Sept 3 Hoorn NL Huis Verloren



This night we played in a 16th century town hall building that was built on an angle so that water would not run down and rot or otherwise destroy the walls. It looks freaky this way, but hey, it lasted this long. We were also told, to our amazement that this very building housed an exporting office for cattle, and there were these two mega famous cattle herders named "Jan" and "Cees" (pro. "kase"), that apparently were the first inspiration for that fond namesake used for and by Americans; "Yankees".
I hereby rest my Cees .
Our friends Jan and Henk (see Spiijkerboor entry) and their wives were also at this show, and it should be noted at this point that Casey made an inspired tour podcast featuring Henk and Casey DJing some fave tunes. It's available on our webpage, www.elliottbrood.com .

Sept 2 Antwerp BE Trix w/ Black Diamond Heavies


John Wesley and Van as the "Black Diamond Heavies", Antwerpen Sept 2.

When we met "Black Diamond Heavies" and discovered it was a keyboard/drum duo I was expecting kind of a dance thing. or at least a few techno/dance tricks. Bottom line was that these guys are a dynamic blues duo that rock forth with full intensity. Even more a surprise that the drummer Van is also Bonnie Prince Billie's live drummer (I was blown away by BPB at Pickathon just a month ago in Portland OR). In this situation though, Van is a bombastic and energetic player, fully supporting keyboardist John Wesley and his sweat soaked blues rock. JW is a contender for THE most rocking keyboard player around. His distorted Fender Rhodes sound is much like an overdriven guitar, and he handles a really full bass sound on some Korg thing on his left hand. Incredible, and no need for additional bandmates with this duo.

Bonnie "Prince" Billy blowing my mind at Pickathon 2010 (Portland OR)

Friday, September 17, 2010

Hamburg Aug 30, 31


On Monday a club called Astra Stube, we packed roughly 80 people or so into the tiny little room, with the help of "Mi and My Bubba", a tidy female trio hailing from Scandanavia who play minimalistic ballads of love, lost and found. Dinner and breakfast coffees were also included in a nearby bar.
We were also kind of blessed to have Hamburg for our one day off in the tour the following day. As a bonus, the promoter offered us an extra night for free at the artist's apartment, which is more or less a dormitory room with bunk beds. As a band guy I have slept in bunks before. Convenience and economy win quickly over the alternatives, despite the inadequate feelings one can get when confronted with a bunkbed. I always think there will be pee on the mattress somehow, which is totally unfounded. In fact in this apartment there is full washer/dryer and plenty of fresh sheets around. Otherwise though, the vibe is very "indie band": rock posters abound, and even a bit of graffiti on the bunks.
Speaking of graffiti, there is tons in this neighborhood (near St. Pauli station), as if it were every German's right of passage. As it turns out we are in a city block that features a prominent abandoned theatre that has been transformed into a squatters' haven. Apparently owned by some socialist pacifist who never had the wherewithal to remove squatters, it stands as a landmark and centrepiece to the neighborhood (even though there are nice restaurants all around). Twice a year they are said to have an anarchist fest that requires a G20 style police presence to quell. Otherwise, the community exists quite peacefully. Another example of a neighborhood is the abondoned block across the street which serves as one half - free [arking lot (yay!), and one half - sand filled outdoor homemade "bar" that is called "Central Park". Not the Central Park I am accustomed to (nor anyonelse it seems.. I only ever saw one patron sitting alone on one of the lawnchairs in the sand).

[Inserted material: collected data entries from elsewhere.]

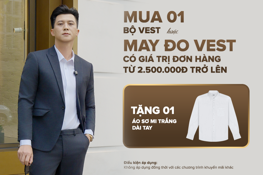 Mua 01 bộ vest hoặc may đo vest có giá trị đơn hàng từ 2.500.000đ trở lên → Tặng 01 sơ mi trắng dài tay
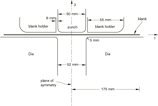 The blank initially measures 350 mm by 35 mm and is 0.78 mm thick. The problem is essentially a plane strain problem (the out-of-plane dimension for the blank is 35 mm). A cross-section of the geometry of the die, the punch, the blank holder, and the blank is shown in Figure 1. The total blank holder force is 2.45 kN, and a mass of 5 kg is attached to the blank holder. A coefficient of friction of 0.144 is used for all interacting surfaces.
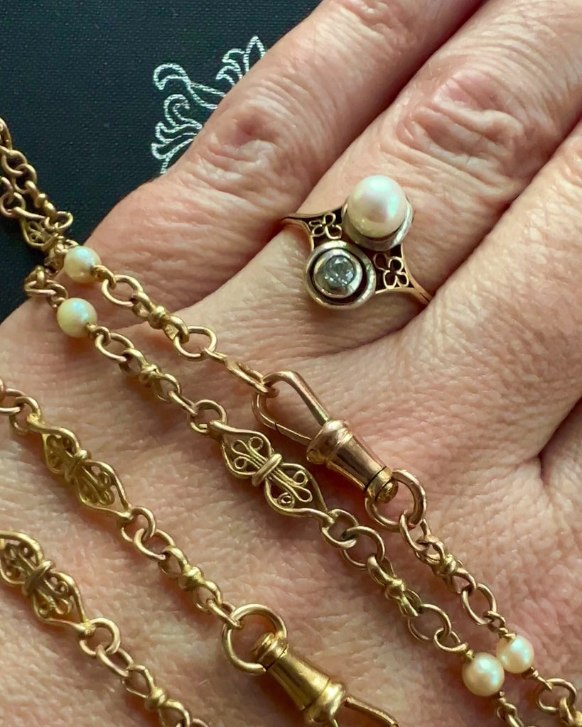 Art Nouveau "Toi & Moi" Diamond & Pearl Ring
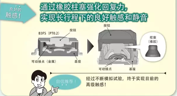 2、B3AL系列產(chǎn)品可有效解決輕觸開關(guān)的如下問題:

So on our day off, in addition to obligatory laundry, Mark and I decide to go for a tourists' walk. The journey was recommended by one of the promoters (can't remember names at this point), and he had recommended taking a walk around the harbour, including a trek through the turn of the century tunnel that runs from one side of the Elbe River to the other. That was perfect for us, because it also got us through the Reeperbaun area as well, and past the Beatles' first nightclubs (where they worked as houseband back in 1960 - '62). Pictured below are "Steve McCartney" on the Reeperbaun, and some unsespecting old man who didn't realize he was Ringo.


After the Beatles photoshoot, we stopped on my recommendation for "curry hotdogs" that had a thermometer out front for you to pick how spicy (mostly cayenne) you wanted your dog. I picked level 7, Mark picked level 8 (at which point the sign exclaims, "Achtung !!! Xtreme Scharf"). Sounds dangerous. His was virtually inedible, mine barely manageable. When we remarked about how hot they were, the confectionary owner stated that if we were to order an 11 or 12 gauge hotdog, he would have to see our passports.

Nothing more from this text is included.